Chapter 13 Ranks

Many questions take forms such as these:

• “Find the largest …”
• “Find the three largest …”
• “Find the smallest within each group …”

The functions min() and max() are reasonable candidates for carrying out such tasks, but they are limited. For instance, to find the name whose yearly count was the highest:

BabyNames %>% 
  filter(count == max(count))

The filter() function needs a criterion. The criterion count == max(count) [Click to see note.]Note the double equals sign ‘==’ used in evaluating the criterion passes through the case where the value of count matches the largest value of count. That will be the biggest case.
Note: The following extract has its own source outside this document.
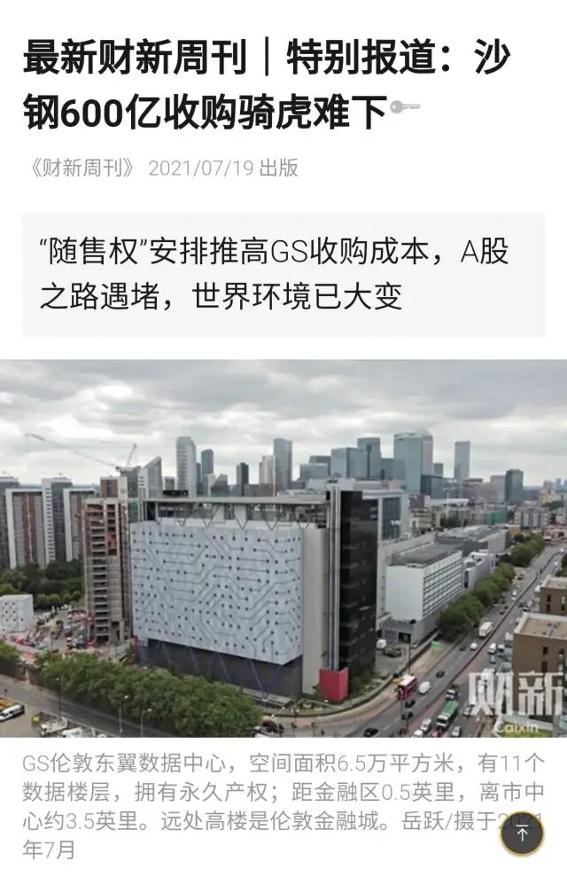 2015年初,沙鋼集團(tuán)突然甩賣旗下上市公司沙鋼股份55.12%股權(quán)給9名自然人,套現(xiàn)約46億元,僅保留了20%左右的股權(quán)控股。這也被視為沙鋼集團(tuán)轉(zhuǎn)型、沙鋼股份系列重組的前奏。2015-2017年也是中國企業(yè)跨行業(yè)、跨境收購的高峰期。很快,沙鋼股份就開始籌劃收購數(shù)據(jù)中心等資產(chǎn),但并沒有談妥。在尋找收購目標(biāo)的過程中,沙鋼集團(tuán)逐漸發(fā)現(xiàn)了英國的數(shù)據(jù)中心運(yùn)營商GS項(xiàng)目。GS成立于1998年,后被英國億萬富豪魯本兄弟(印裔)在2004年收購,逐漸成為全球第三大數(shù)據(jù)中心運(yùn)營開發(fā)商,并隨著歐洲市場逐漸成熟,GS在香港、新加坡、悉尼等亞太核心城市也建設(shè)數(shù)據(jù)中心,進(jìn)入高增長的亞太地區(qū)。最先談下GS項(xiàng)目的并不是沙鋼集團(tuán),而是一家名不見經(jīng)傳的中國數(shù)據(jù)中心“新軍”:2009年才成立的德利訊達(dá)。德利訊達(dá)際控制人李勇,則是在2015年初入股沙鋼股份的9名自然人之一。德利訊達(dá)在2015年曾欲賣給上市公司四川金頂(600678.SH),這家從未盈利過的公司估值卻高達(dá)28億元,并承諾以后每年數(shù)億元的利潤,不過四川金頂最后發(fā)現(xiàn),這家公司聲稱可以拿下的項(xiàng)目政府批文遲遲拿不下來,于是終止了收購。但德利訊達(dá)的另一個(gè)大動(dòng)作卻神奇成功了。2015年10月,李勇和魯本兄弟達(dá)成了收購GS公司51%股權(quán)的意向,并在次年初成立蘇州卿峰作為平臺募集收購資金,由于德利訊達(dá)實(shí)力薄弱,在募資過程中沙鋼集團(tuán)成為了蘇州卿峰的資金主力。這也給了沙鋼集團(tuán)在此后全面介入的機(jī)會(huì)。中國證監(jiān)會(huì)2019年的一份行政處罰決定書披露,2016年6月,李勇和GS公司簽訂了收購協(xié)議。當(dāng)年8月,李勇和沙鋼控股投資公司總裁聶蔚等人在上海聚餐時(shí),聶蔚代表沙鋼股份實(shí)際控制人沈文榮詢問李勇,是否可以將德利訊達(dá)和蘇州卿峰裝入沙鋼股份,李勇表示同意。2016年9月,沙鋼股份停牌宣布將收購IDC大數(shù)據(jù)資產(chǎn),當(dāng)年11月,沙鋼股份披露標(biāo)的資產(chǎn)即為蘇州卿峰和德利迅達(dá)。按照此后披露的方案,蘇州卿峰持有德利訊達(dá)12%股權(quán),沙鋼股份計(jì)劃收購蘇州卿峰100%股權(quán)和德利訊達(dá)的另88%股權(quán)。沙鋼集團(tuán)的目標(biāo)則是收購整個(gè)GS公司。沙鋼集團(tuán)2020年中期票據(jù)募集說明書披露,沙鋼集團(tuán)牽頭的財(cái)團(tuán)并購GS項(xiàng)目,先后進(jìn)行了三次股權(quán)收購。第一次是沙鋼集團(tuán)聯(lián)合中航信托等組建蘇州卿峰(注冊資本217.54億元),收購了GS的51%股權(quán),交易對價(jià)為23.42億英鎊。第二次是沙鋼集團(tuán)境外全資子公司沙鋼國際(香港)通過入股SPV公司Strategic IDC LTD與其他投資人共同收購了GS 24.99%股權(quán),交易對價(jià)17.95億英鎊,其中沙鋼集團(tuán)自有資金7億美元,SIL向信銀國際融資13億美元。(沙鋼集團(tuán)和其他境外投資人分別持有SIL的40.94%、59.06%股權(quán))第三次是沙鋼集團(tuán)通過境外全資孫公司Tought Expert完成了對GS最后24.01%股權(quán)的收購,交易對價(jià)18億英鎊。至此,沙鋼集團(tuán)用自有資金加上撬動(dòng)外部資本,以60億英鎊收購了GS公司100%股權(quán),這也是中國企業(yè)近年來最大的跨境并購項(xiàng)目之一。魯本兄弟當(dāng)初收購GS項(xiàng)目僅花了5億多英鎊,又投入超過10億英鎊擴(kuò)大業(yè)務(wù),最終賺得盆滿缽滿。
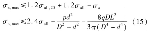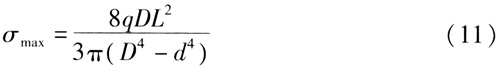 ??? 地面沉降前鋼管按受勻布荷載的等距多跨梁計算的最大彎曲應(yīng)力的計算式為[1]:

It’s also possible to ask for the cases that are almost as popular as the biggest, e.g. at least 90% as popular.

BabyNames %>% 
  filter(count > 0.90 * max(count))

Frequently the question will be framed in terms of the \(n\) biggest or smallest values, not as a fraction of the largest. To perform such tasks, a new transformation verb is helpful: rank(). The rank() function does something simple but powerful: it replaces each number in a set with where that number stands with respect to the others. For instance, look at the tiny data frame Set shown in Table 13.1. What’s the rank of the number 5 in the numbers variable.

Table 13.1: A data frame with one variable. We will refer to this as Set

The rank of the number 5 in the set is four. Why? 5 is the fourth smallest number in the set. (Three of the numbers in the set 2, 2, 4 are smaller than 5.) The smallest number in a set of \(n\) numbers will have rank 1; the largest will have rank \(n\).11 Unless there are ties. Table 13.2 shows the rank of each number in the set:

Set %>% mutate(the_rank = rank(numbers))

Table 13.2: The ranks of the values in numbers.

Note that the two 2’s have the same rank, as do the two 9’s. They’re tied.

Suppose you want to find the 3rd most popular name of all time. Use rank().

BabyNames %>% 
  group_by(name) %>%
  summarise(total = sum(count)) %>%
  filter(rank(desc(total)) == 3) 

Table 13.3: The third most popular name of all time

Or, to find the top three most popular names, replace == in the above by <=.

BabyNames %>% 
  group_by(name) %>%
  summarise(total = sum(count)) %>%
  filter( rank(desc(total)) <= 3) 

Table 13.4: The all-time top three most popular names in BabyNames.

When applied to grouped data, rank() will be calculated separately within each group. That is, the rank of a value will be with respect to the other cases in that group. For instance, here’s the third most popular name each year.

BabyNames %>% 
  group_by(year) %>% 
  filter(rank(desc(count)) == 3) 

Table 13.5: The third most popular name in each year

Sometimes, two or more numbers are tied in rank. The rank() function deals with these by assigning all the tied values the same rank, which is the mean of the ranks those values would have had if they were even slightly different. There are other rank-like transformation verbs that handle ties differently. For instance, row_number() breaks ties in favor of the first case encountered. (See Table 13.6.)

Set %>% 
  mutate(the_rank = rank(numbers), 
         ties_broken = row_number(numbers))

Table 13.6: row_number() breaks ties in rank.